My RS does a couple of benefit 'one-day events' for their pony club charity during the May and August bank holidays.  I've been back riding for a year and thought it would be fun to join in.  Last year was a bit chaotic because people could choose three horses to ride in different events.  In the events they included a dressage test and a jump off with the fences getting higher and higher, which was really entertaining for everyone watching.

This year they didn't do dressage, which I wanted to do, but did a first ridden event and the jumping was clear round A and B, against the clock and an accumulator. However, instead of choosing different horses they ran it like an 'own your own pony for the day' doings and charged £45 instead of the £30 they charged last year.  I was the last to sign up because I felt sorry for the horse who was left unchosen  He's a 16h2 warmblood who must be at least 20 but everybody loves him because he's a sweatheart.  The thing is, he's probably the laziest horse in the school    We get along well though and I have him working just fine lessons. 

I'm Level 3 beginner but for fun I entered tack and turnout, in hand, first ridden, and level B clear round. The problem was though that they had about 20 entries for First Ridden.  They split us between the two arenas, one of which is smaller than the other.  I was in a group of 12 in the larger arena.  We all warmed up then lined up in the middle.  The exercise was 2 figure of 8s, the first in trot, the second in canter, trotting across the centre through a gap we had left between one lot of 6 horse and riders and the other, coming to a halt in the centre.

From the first rider setting off, to me setting off was 45 minutes.  The ponies and horses at the back end of it were literally asleep, so the exercise was rubbish.  I just wondered about other's experiences with this.  For £45 we were responsible for our horse or pony all day which is fine but I don't think many of us got the most out of the day because of they way that event was organised.  It might have been better to keep us all in one group and send us all down one by one to the smaller arena to warm up then come up individually to do the exercise and line up as we each finished.  I realise they have rosettes to give out but it was frustrating to have sat there for that long on a horse that had cooled down and nodded off. 

Any thoughts based on other experiences


----------



## Morgan123 (2 May 2017)

sounds like a pretty accurate representation of what showing classes are like in competitions to me!! In some local shows you'll have over 30 horses and it's a real snooze fest waiting for everyone to go.
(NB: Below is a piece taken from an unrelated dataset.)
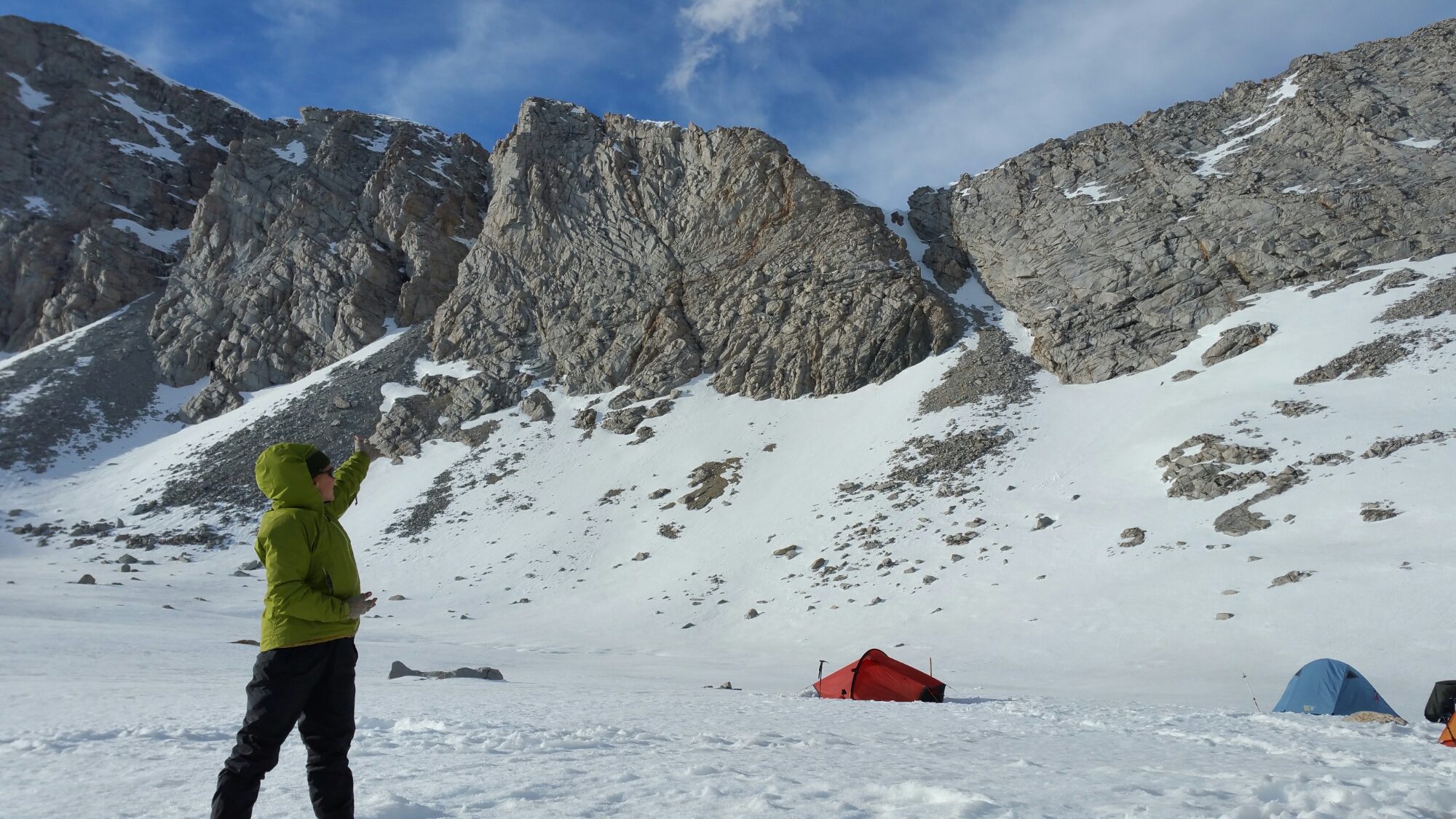 We made it to the base of Forester Pass by Thursday afternoon, and the winds had picked up considerably. We hiked up the long steep “ramp” from Tyndall Creek for 5 miles quite slowly because the snow was getting crusty on top and slushy below, leading to quite a lot of post holing. We crossed Bighorn Plateau, a giant space of lots of open air settled in between the high mountains on all sides, lending a feeling of being on the moon. Desolate, lacking plant life, yet such a strong pulse teeming with sounds of birds calling from afar, and water rushing in the creeks below the snowy surface. We were now above timberline, and we said goodbye to the last of the ancient foxtail pines as we climbed and climbed.

I don't bother for this reason. Obviously you can treat it as a learning experience from watching the other riders.

Are you in the US? In the UK first ridden are usually under 12.2, but you sound like you mgiht be in the States.....
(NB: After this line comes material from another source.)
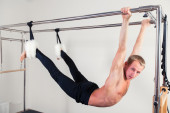 w sali człowiek robi, rozciągający się w pobliżu Barre.
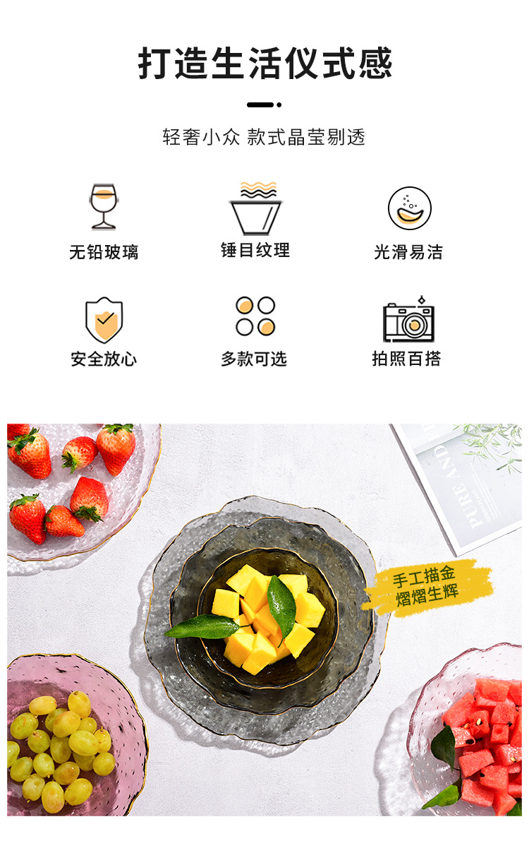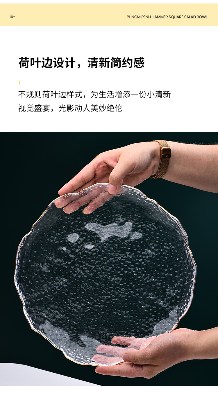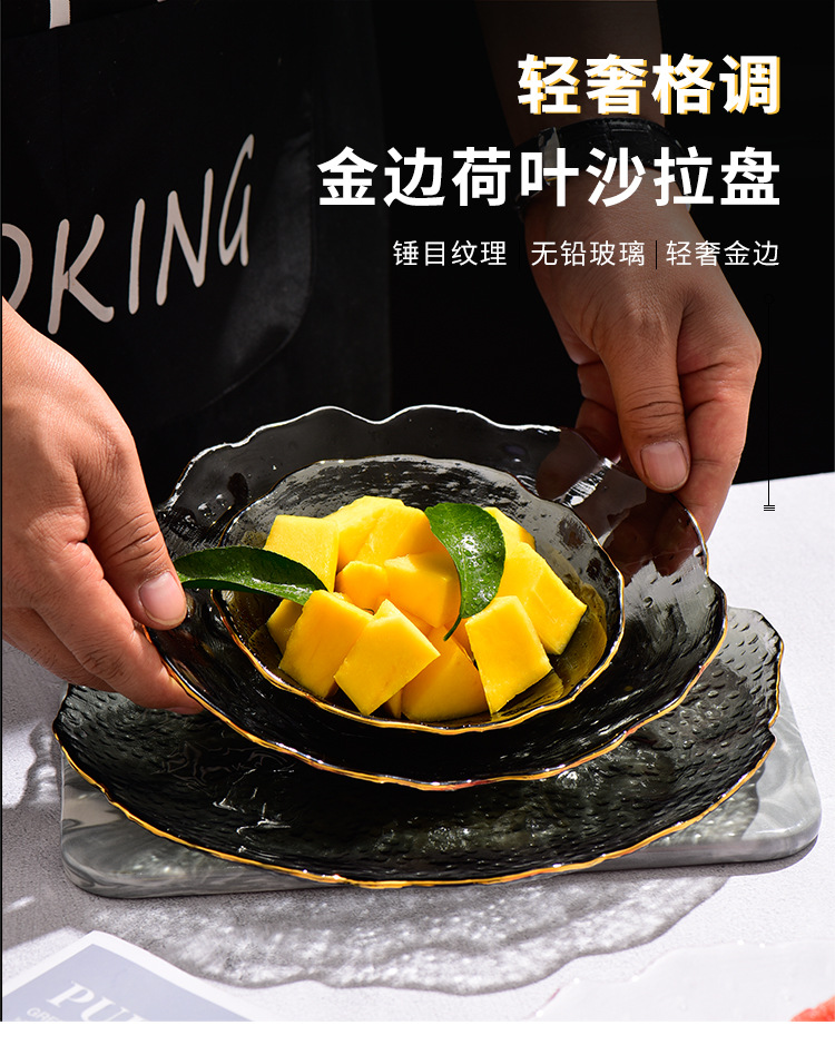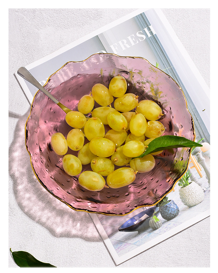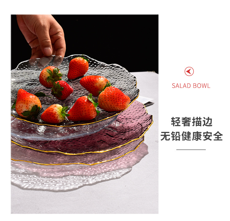 제조업체 맞춤형 유리 연잎 접시, 연회색 접시, 망치질 패턴 과일 접시, 거실 접시, 수납 및 정리 트레이, 모던하고 심플한 디자인스토어 가기

I'm sure your riding school would appreciate your feedback though! But do bear in mind it's really hard to please everyone at these things.


----------



## HunkyDory (2 May 2017)

HI Morgan123...I support it is hard to please everyone.  I'm in the UK.  There are all sizes involved in these one day events at my RS.  It's to give riders and idea of what events are like and raise money for the pony club charity.


----------



## Shay (2 May 2017)

To be honest it sounds like the RS met at least one of their objectives - to give riders a taste of what competition is like!  For some low level competitions I have seen class sizes of 40 or 50.  If you are showing you are going to be in the ring for all that time and the horses will fall asleep.  Part of the art and ring craft of showing is to be able to wake the horse up quickly once you reach your turn.  (The other part is getting in the right place in the line so you don't have to wait that long!)  Showing classes at low levels can sometimes go on for hours.  45 minutes is actually a pretty average wait; especially as presumably you were not also doing conformation and trot up in that gap.
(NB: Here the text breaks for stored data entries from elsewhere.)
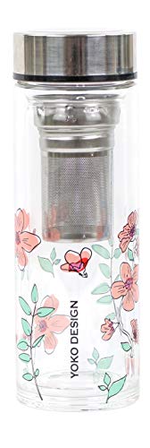 Yoko Design 1673 tekanna av glas, dubbelväggig, blommor, rosa, 19,5 cm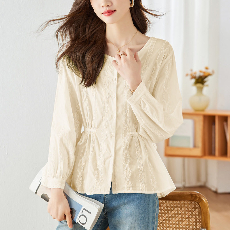 您的位置:安康生态农业开发平台  >   >  圆领绣花白衬衫女士长袖2026新款春季小个子收腰显瘦衬衣纯棉上衣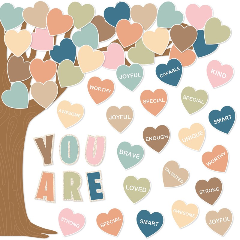 - BOHO HEART TREE: Our decoration kit takes boho heart tree as the theme, patterned with a variety of colorful heart cutouts with positive sayings, creating a warm and romantic learning environment for your kids or students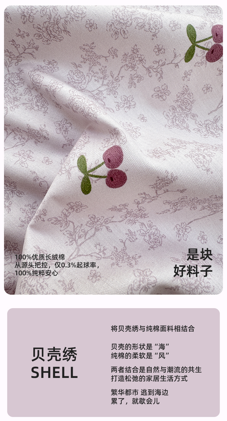 (总)浮光家居 2026新款全棉贝壳边纯棉单被套系列2,布歌紫,蝶恋花,爱丽花园,寻微,线韵时尚灰,机灵猫,星慕,夏日恋格黄,夏日恋格粉,夏日恋格兰,花边兔
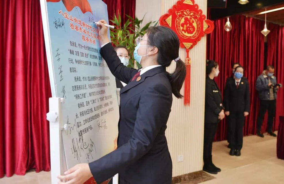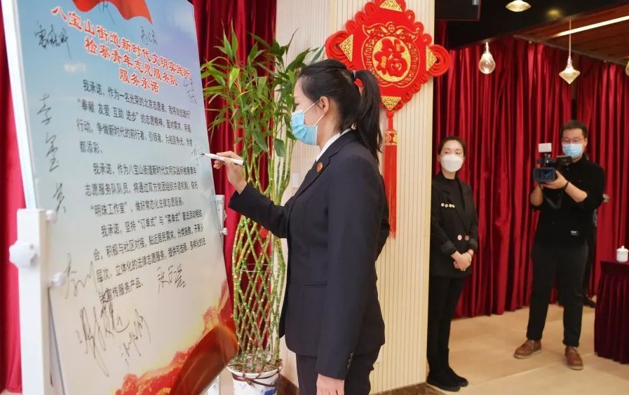 ▲图为市检一分院“明珠工作室”主持人车明珠、八宝山街道新时代文明实践所代表发言,检察青年志愿者签署服务承诺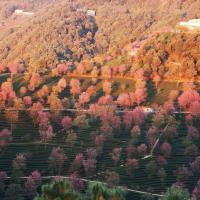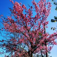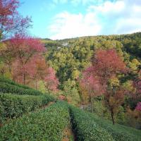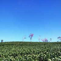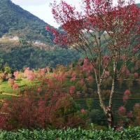 在樱花谷一号观景台观赏冬樱花,美就一个字。再沿步道用20分钟走到二号景区,就是在一号观景台看到的那面茶树坡,抵近观赏樱花。可以在无量山樱花谷入口附近,二号景区附近,或公路边的客栈住宿。

As has already been said I'm sure the RS would appreciate your feedback.  Organizing any event is quite a feat and I've run a few of these charity fun show type things over the years - both in an RS setting and in a PC setting.  Be gentle with them - it is immensely challenging and not everything will have gone to plan.


----------



## HunkyDory (3 May 2017)

Showing won't be my thing, then!  lol  They all worked really hard and it was a Bank Holiday so they were all volunteering.  Think I'll stick to dressage if they do it again and some low level jumping, unless I manage to reach advanced rider stage before the next one in August.  Unless there were monsters about to eat the horse I was riding, he wasn't going to break into a canter for all the carrots in the world   I know, if I have him again in a lesson next week, he'll be working like a dream because he'll be awake and listening.  

Oh well.  It was lovely for the littluns on the Shetlands and ponies.  They were very cute.  I loved watching them.  Some ponies were still caked in mud but had very pretty plaits and ribbon, as did their dinky riders who were chuffed to bits to get their rosettes


----------